Oral Presentation Australian Society for Microbiology Annual Scientific Meeting 2024

Hyperglycaemia is associated with trained immunity and an enhanced inflammatory response to influenza virus (101621)

Isabelle Hocking 1 , Ellesandra Noye 2 , Georgina McCallum 2 , Melanie Wu 2 , Marcus Tong 2 , Keng Yih Chew 2 , Emily S. Dorey 3 , Linda Gallo 4 , Helen L. Barrett 3 5 6 , Kirsty R. Short 2
  1. School of Biomedical Science, The Univeristy of Queensland, Brisbane, Queensland, Australia
  2. The School of Chemistry and Molecular Biosciences, The University of Queensland, Brisbane, Queensland, Australia
  3. Mater Research Institute, The University of Queensland, South Brisbane, Queensland, Australia
  4. School of Health, University of Sunshine Coast, Petrie, Queensland, Australia
  5. University of New South Wales Medicine, Kensington, New South Wales, Australia
  6. Obstetric Medicine, Royal Hospital for Women, Randwick, New South Wales, Australia

Diabetes mellitus is a global health concern, affecting approximately 537 million adults. Diabetes is a susceptibility factor for severe influenza virus infections, however, the mechanisms linking the two remain undefined. One possibility is that hyperglycaemia, a key characteristic of diabetes, results in trained immunity, ultimately resulting in an uncontrolled and harmful immune response to influenza virus infection. Trained immunity describes the epigenetic and metabolic changes within innate immune cells that occur after exposure to a stimulus. These changes culminate in altered responsiveness when immune cells have been exposed to a second, unrelated stimulus (such as viral infection). Hyperglycaemic-induced trained immunity has previously been described in response to lipopolysaccharide and interferon-γ (IFN-γ) stimulation. However, to date, the effect of diabetic training in response to influenza and viral ligands is yet to be quantified.

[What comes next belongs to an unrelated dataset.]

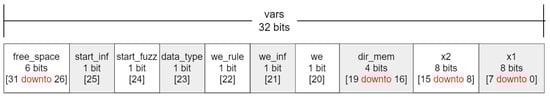 The second bus is vars which contains nine variables to use in the FIS. This bus has 6 bits empty, the free space is to complete the 32 bits of the bus. Figure 4 shows the diagram of vars. In this case, vars contains the flags to start fuzzification (start_fuzz), read or write the MFs of the inputs (we_fuzz), start inference (start_inf), read or write the MFs of the output (we_defuzz), read or write the rules (we_rule), MF type selection (data_type), or choose the stored rules (dir_mem). It also has the values of the inputs (x1, x2).

Here, we demonstrate that healthy donor peripheral blood mononuclear cells (PBMCs) with an ex vivo history of hyperglycaemia display a heightened proinflammatory response to stimulus with influenza virus and viral mimetic R848. Specifically, these PBMCs produced higher levels of TNF-α in response to influenza virus stimulation and higher levels of proinflammatory cytokines, including TNF-α, IL-6, IL-1β, and IFN-γ, in response to the viral mimetic. Similarly, monocytes from 17 individuals living with diabetes produced enhanced TNF-α and IFN-γ relative to healthy controls (n=11) when exposed to influenza and R848 ex vivo. This phenomenon was also observed in natural killer (NK) cells, where NK cells from diabetic patients expressed higher levels of TNF-α, IFN-γ, CD69 and granzyme B when stimulated with influenza virus or viral mimetic compared to non-diabetic controls.

This study provides the first evidence suggesting that innate immune cells from people with diabetes mount a higher inflammatory response to viral stimulation ex vivo; the cause of which requires further investigation. Nevertheless, these data provide an important insight into the interactions of increasingly prevalent non-communicable diseases such as diabetes with viral infections like influenza. Ultimately, these data highlight the importance of understanding the intricate nature of the innate immune system, and how co-morbidities can affect the functioning of this system.